-- Your instructions --
With the pictures left out, print exactly the lines below that run from the one containing "Фотофиксация объекта культурного" through the one containing "La Corte Ue di Lussemburgo".

-- Stored data --
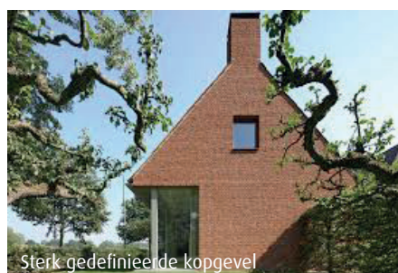
Sterk gedefinieerde kopgevel
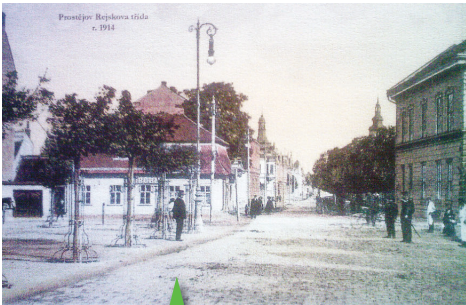
Fotografie pořízené těsně před první světovou válkou. Vlevo pohled na nově vybudovanou radnici a sousední Živnobanku, nahore tehdejší Rejskova třída.

Rok 1711 se nesl ve znamení neočekávané smrti císaře Josefa I., která způsobila odklad potvrzení 36 městských privilegií. Zostřo-
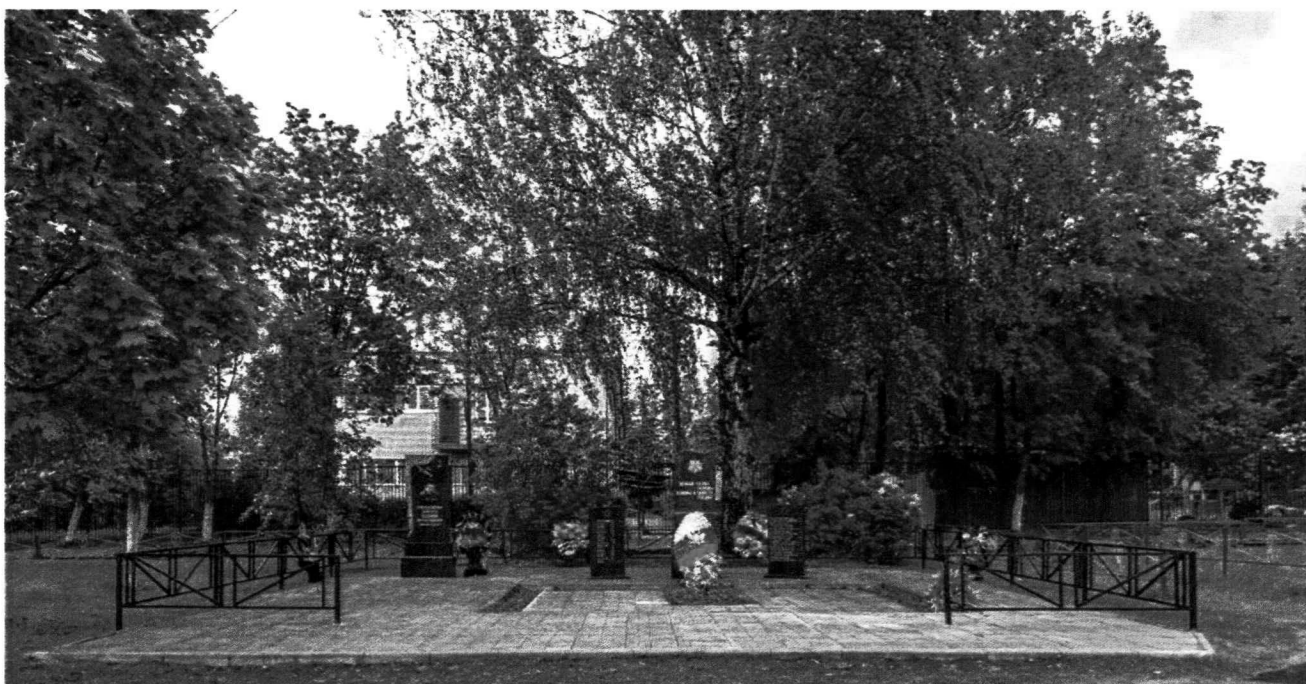
1. Вид на Объект с запада.

Фотофиксация объекта культурного наследия регионального значения «Братская могила советских воинов, 1941-1942 гг.» (далее – Объект)
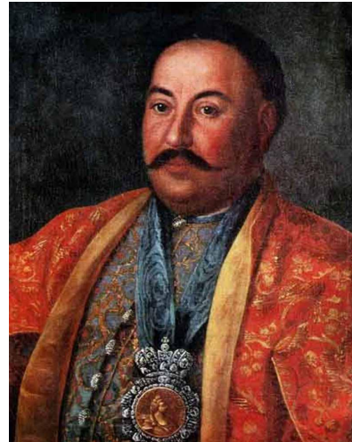
Портрет атамана Краснощёкова
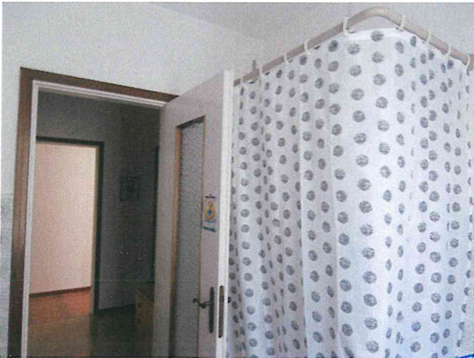
Foto 21 - Alloggio int - bagno
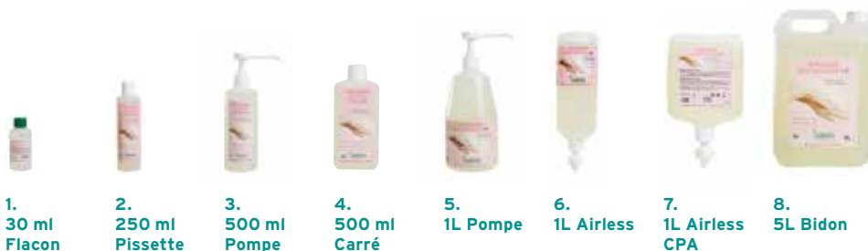
1. 30 ml Flacon 2. 250 ml Pissette 3. 500 ml Pompe 4. 500 ml Carré 5. 1L Pompe 6. 1L Airless 7. 1L Airless CPA 8. 5L Bidon

Solution lavante pour lavage simple des mains et de la peau pour un usage fréquent
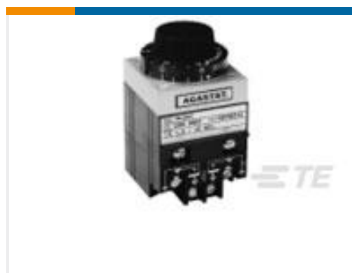
TE 产品编号1-1755142-3 7022WKTV=RLY,STD,OFF,2P,96V,300S, T,V
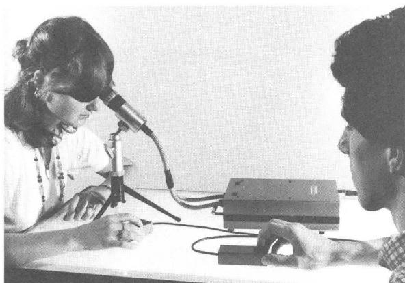
Fig. 2 Papillomètre, instrument utilisé en ophtalmologie

La tâche fondamentale d'un ingénieur universitaire de ce type est la conception de produits spécifiques de la microtechnique. Comme tous les ingénieurs des écoles polytechniques, il doit avoir une bonne base théorique en mathématiques et en physique. De plus, il doit être à l'aise dans les questions technologiques. Il faut donc, dès le début de ses études, l'habituer au travail de conception et le familiariser avec les procédés de fabrication.
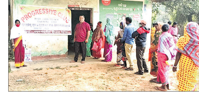
ଟିକା ନେବା ପାଇଁ ଲୋକେ ଧାଡ଼ିରେ ଛିଡ଼ା ହୋଇଛନ୍ତି।
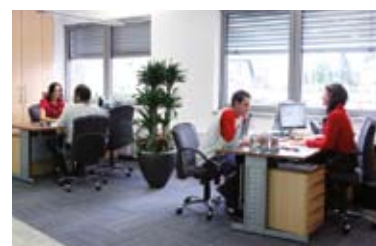
Prenovljeni prostori so prijazni za stranke in zaposlene
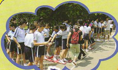
齊心合力、 共創佳績
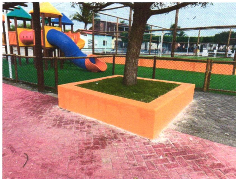
Foto 01 - MASSA ÚNICA, PARA RECEBIMENTO DE PINTURA, EM ARGAMASSA TRAÇO 1:2:8, PREPARO MANUAL, APLICADA MANUALMENTE EM FACES INTERNAS DE PAREDES, ESPESSURA DE 10MM, COM EXECUÇÃO DE TALISCAS
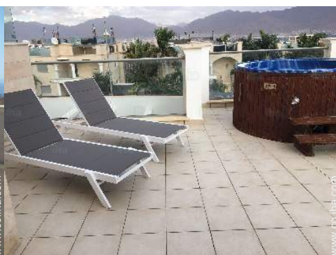
vista desde la azotea
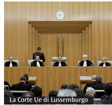
La Corte Ue di Lussemburgo

etici. Da questo punto di vista c'è da registrare il fatto che durante l'ultima sessione del Parlamento il commissario Michel Barnier ha affermato che i servizi della Commissione non hanno ancora valutato appieno le conseguenze politiche di questa sentenza». Si parla oggi molto di diritti umani: come considerare la decisione della Corte? «La sentenza è pienamente basata sui diritti umani, che proteggono la vita, e che non possono operare nessuna distinzione tra il periodo prima e dopo la nascita. Non ci può essere alcuna discriminazione basata sulla nascita. Gli Stati hanno il fondamentale obbligo di proteggere la vita nel corso di tutta l'esistenza dell'essere umano. Questo obbligo nasce dalla responsabilità di difendere la propria popolazione, che è una condizione centrale per la legittimità di uno Stato».
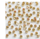
Lukitushelmi, halk. 2 mm, kullanvärinen, 100kpl 60106
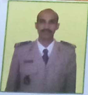
إعداد الكاتب: محبوب ولد مطنان
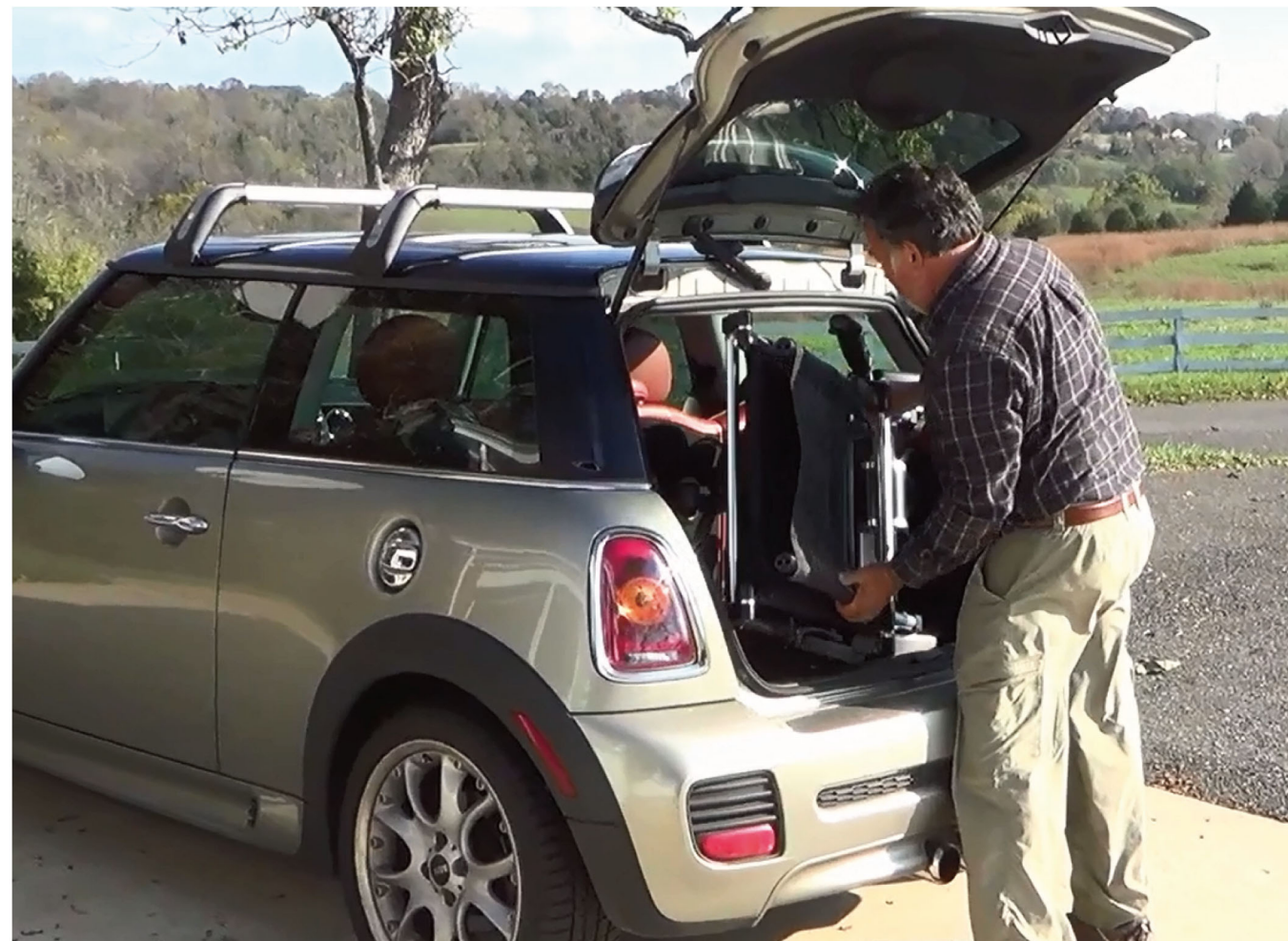
フラット状態 折りたたむと小型車のトランクなどへ簡単に積み込めます

-- Final answer --
Фотофиксация объекта культурного наследия регионального значения «Братская могила советских воинов, 1941-1942 гг.» (далее – Объект)
Портрет атамана Краснощёкова
Foto 21 - Alloggio int - bagno
1. 30 ml Flacon 2. 250 ml Pissette 3. 500 ml Pompe 4. 500 ml Carré 5. 1L Pompe 6. 1L Airless 7. 1L Airless CPA 8. 5L Bidon

Solution lavante pour lavage simple des mains et de la peau pour un usage fréquent
TE 产品编号1-1755142-3 7022WKTV=RLY,STD,OFF,2P,96V,300S, T,V
Fig. 2 Papillomètre, instrument utilisé en ophtalmologie

La tâche fondamentale d'un ingénieur universitaire de ce type est la conception de produits spécifiques de la microtechnique. Comme tous les ingénieurs des écoles polytechniques, il doit avoir une bonne base théorique en mathématiques et en physique. De plus, il doit être à l'aise dans les questions technologiques. Il faut donc, dès le début de ses études, l'habituer au travail de conception et le familiariser avec les procédés de fabrication.
ଟିକା ନେବା ପାଇଁ ଲୋକେ ଧାଡ଼ିରେ ଛିଡ଼ା ହୋଇଛନ୍ତି।
Prenovljeni prostori so prijazni za stranke in zaposlene
齊心合力、 共創佳績
Foto 01 - MASSA ÚNICA, PARA RECEBIMENTO DE PINTURA, EM ARGAMASSA TRAÇO 1:2:8, PREPARO MANUAL, APLICADA MANUALMENTE EM FACES INTERNAS DE PAREDES, ESPESSURA DE 10MM, COM EXECUÇÃO DE TALISCAS
vista desde la azotea
La Corte Ue di Lussemburgo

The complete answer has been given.